Wednesday, July 23, 2014

amory

A dear young friend is bidding adieu to a massively beloved member of her family this morning.  My thoughts & hearts are with them.  Milhouse has four legs & fur, but that pup is as much a part of the family as my friend & her husband.  Her boys have never known life without their furry brother.  

Their preparation for the parting - looking at pictures, showering him with all the love they've felt & will feel, giving him a saucer of beer - has me remembering Amory, the best cat in the universe.  

We only had Amory for a year, but it was a year touched with magic & a deeper sense of all that animals bring to our lives.

Amory was our second cat.  Chessie took a LONG time to adjust to life with us.  We expected the same from Amory. 

Neither John nor I had any intention of getting another cat, but the same friend who connected us with Chessie called up one bitterly cold January evening to say that they had a rescue cat from Doylestown in need of a home & could we take him, if only until they could find a permanent place.  I'd just read The Christmas Cat, so was in just the right spot for saying yes, yes to everything.  Yes to welcoming this unknown, from her description half-starved cat into our home, family, hearts.  

When Leslie walked in the front door with this little, scrawny black cat, I thought, "This is going to take a while.  He's had such a hard go, he's going to be even more distrustful than Chessie."  HA!

John & I were surprised when Leslie put him down on the living room floor.  We'd prepared the front room as his "introduction" chamber.  No need.  That cat took one look around, looked up at us, and seemed to say, "How lovely - the Plaza!"  and made himself immediately at home.

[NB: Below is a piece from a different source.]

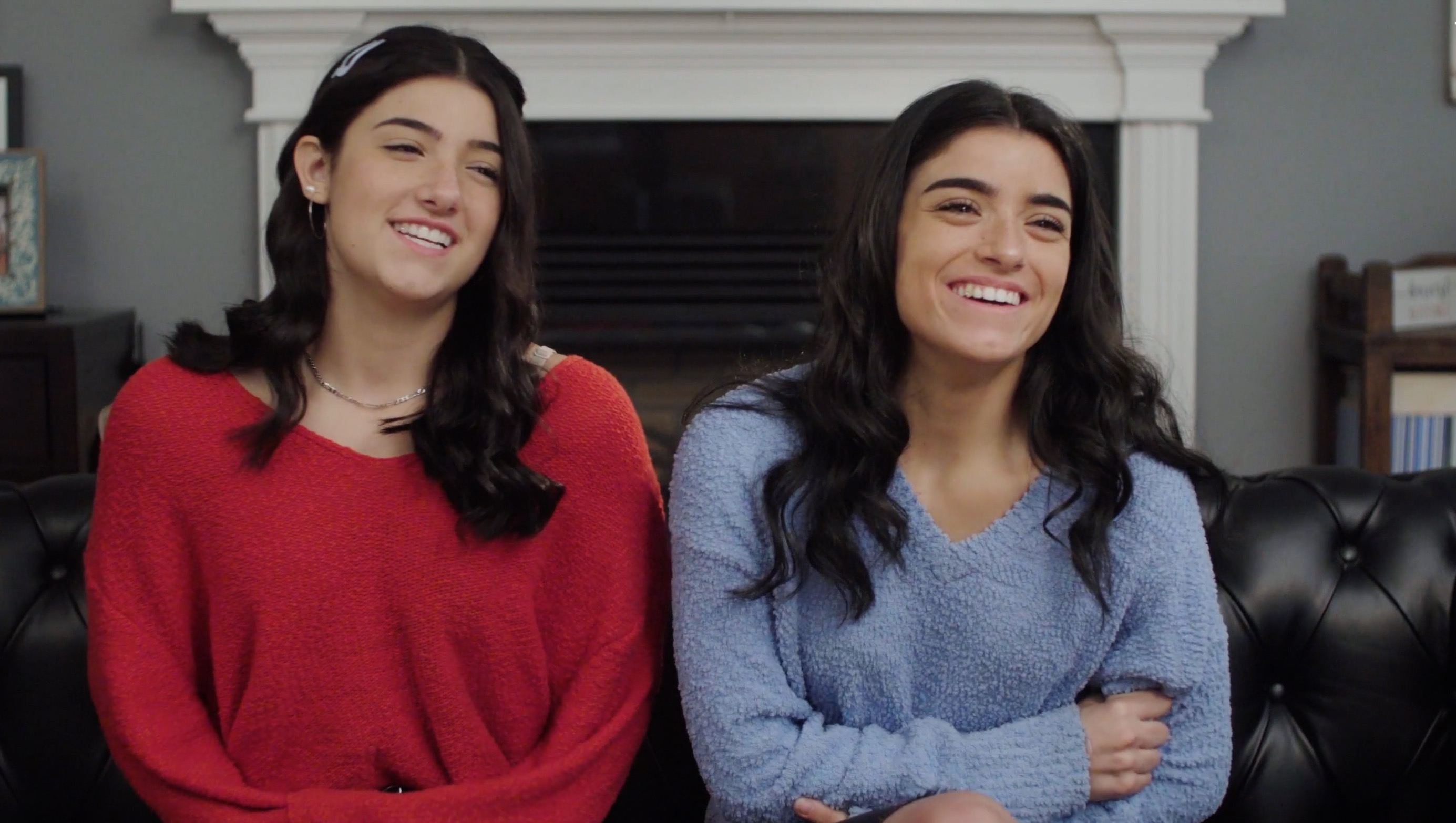 Charli and Dixie D'Amelio on being bullied online - UNICEF - frame grab 1.15

Amory was a black short-hair of undetermined age, but everyone in the know agreed he was an older cat.  He was small & thin as a rail & the most social creature I ever encountered, man or beast.  With Chessie, he showed restraint & diplomacy, letting her make the overtures to something more than abject worship of her self.  The two of them would become the best of friends, happiest by the other's side.  

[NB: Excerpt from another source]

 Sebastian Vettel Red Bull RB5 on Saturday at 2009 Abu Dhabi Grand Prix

When guests arrived - back then, we had a lot of them & a lot of parties, which Amory loved - he'd greet them  Peter, with whom he had an especially close relationship, said that he felt Amory always greeted him with, "So happy to see you!  Can I get you something to eat, maybe a tweek of catnip?"   It brings happy tears to my eyes remembering Sunday nights, when Peter would stop by late in the evening to read the Inquirer - my brother on the couch near the lamp, reading the paper with a cat, all contentment, on either side.  When Peter stopped coming, Amory seemed quite heartbroken, like he'd lost a close friend & didn't know why.

Amory & Chessie shared the rare accomplishment of being published authors!  Not just published, but part of an anthology that gets five stars from both Amazon and Barnes & Noble!!  My heart is tender in telling you that their letter to Smarty Jones congratulating the local horse on winning the first two legs of the Triple Crown was NOT with the rest of the featured letters from humans & animals.  There was no description of their "owners" or describing them as "pets."  Instead, the letter is tucked in the very back, looking just as they wrote it, with the two of them given full credit, as deserved.  How many cats do YOU know who can add a publishing credit to their cv?

It broke our hearts to say our adieus so soon.  We took tender care with our boy's small, sweet body.  John dug a hole at Amory's favorite spot, under the rhododendron.  I layered it with fern, the rose petals.  With Chessie close by, we lowered him down, then laid another layer of rose petals over him, completely covering every bit of our sweet boy.

Writing this, tears are streaming down my face.  To this day - ten years later - either John or I will say to the other, "I miss Amory."  He is forever in our hearts, as Milhouse will forever be in the hearts of the Browns.